Exercise aim
The needed output is the run of lines below from the one containing "1000 ниш для Youtube [Егор Фермер]" through the one containing "- 💙 16th Birthday", copied exactly and free of pictures.

Dataset extract
>>
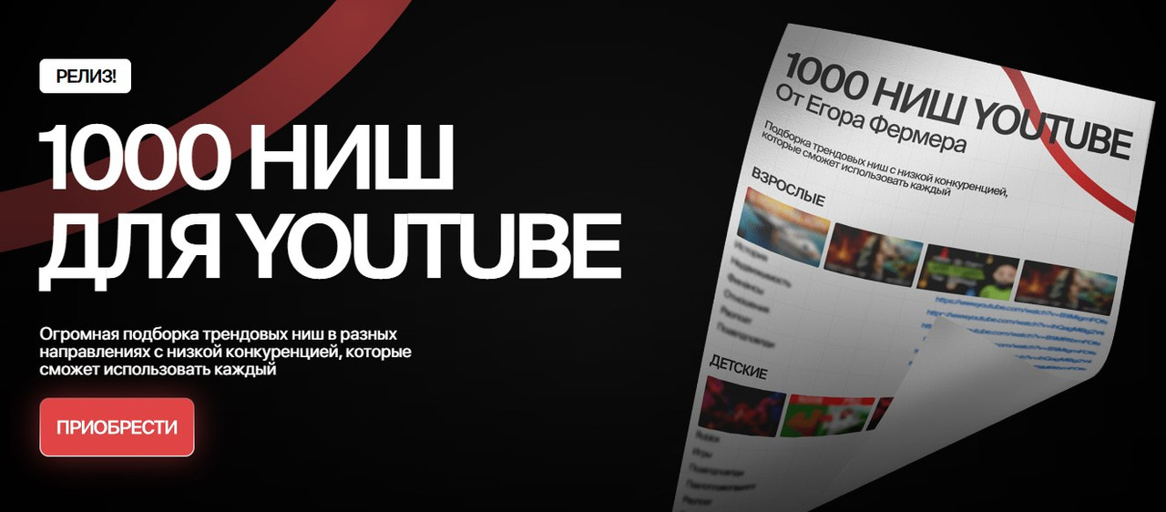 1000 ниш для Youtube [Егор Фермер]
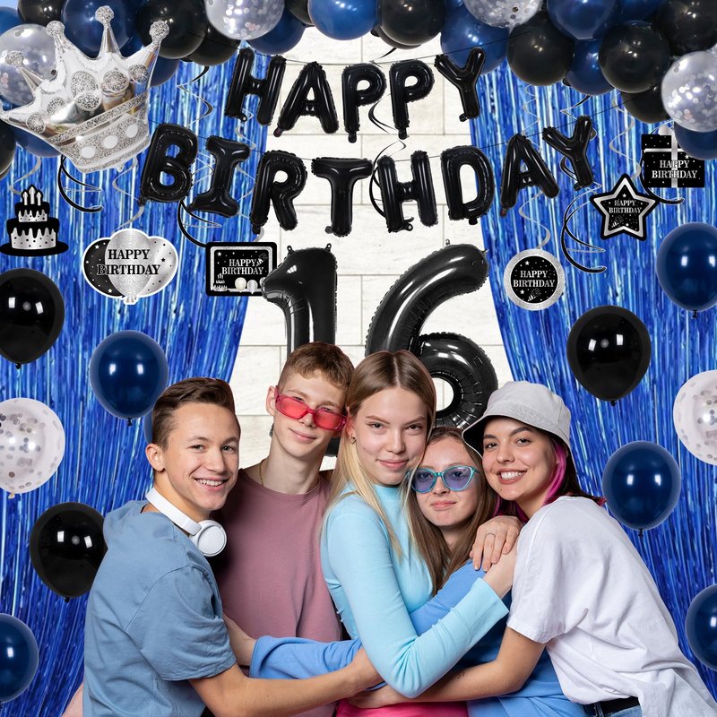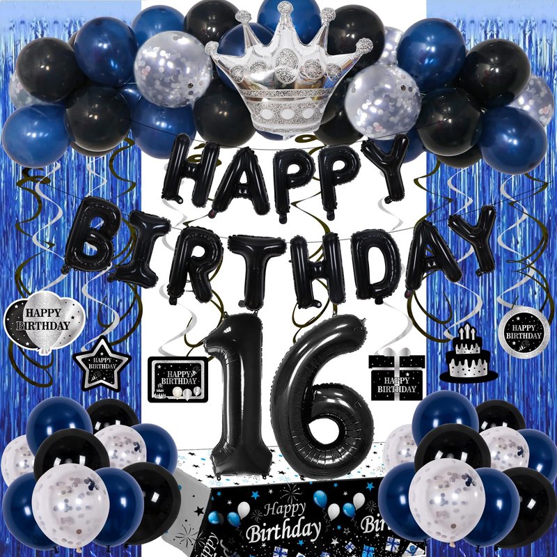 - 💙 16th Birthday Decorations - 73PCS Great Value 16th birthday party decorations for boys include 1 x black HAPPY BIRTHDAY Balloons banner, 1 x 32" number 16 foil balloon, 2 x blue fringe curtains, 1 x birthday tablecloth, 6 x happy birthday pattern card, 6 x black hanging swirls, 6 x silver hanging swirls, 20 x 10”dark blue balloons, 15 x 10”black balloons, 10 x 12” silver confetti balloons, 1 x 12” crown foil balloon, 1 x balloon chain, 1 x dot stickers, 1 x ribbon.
<<
>>
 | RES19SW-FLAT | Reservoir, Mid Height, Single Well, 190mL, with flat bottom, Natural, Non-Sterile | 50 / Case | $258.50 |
<<
Output of the task
 1000 ниш для Youtube [Егор Фермер]
 - 💙 16th Birthday Decorations - 73PCS Great Value 16th birthday party decorations for boys include 1 x black HAPPY BIRTHDAY Balloons banner, 1 x 32" number 16 foil balloon, 2 x blue fringe curtains, 1 x birthday tablecloth, 6 x happy birthday pattern card, 6 x black hanging swirls, 6 x silver hanging swirls, 20 x 10”dark blue balloons, 15 x 10”black balloons, 10 x 12” silver confetti balloons, 1 x 12” crown foil balloon, 1 x balloon chain, 1 x dot stickers, 1 x ribbon.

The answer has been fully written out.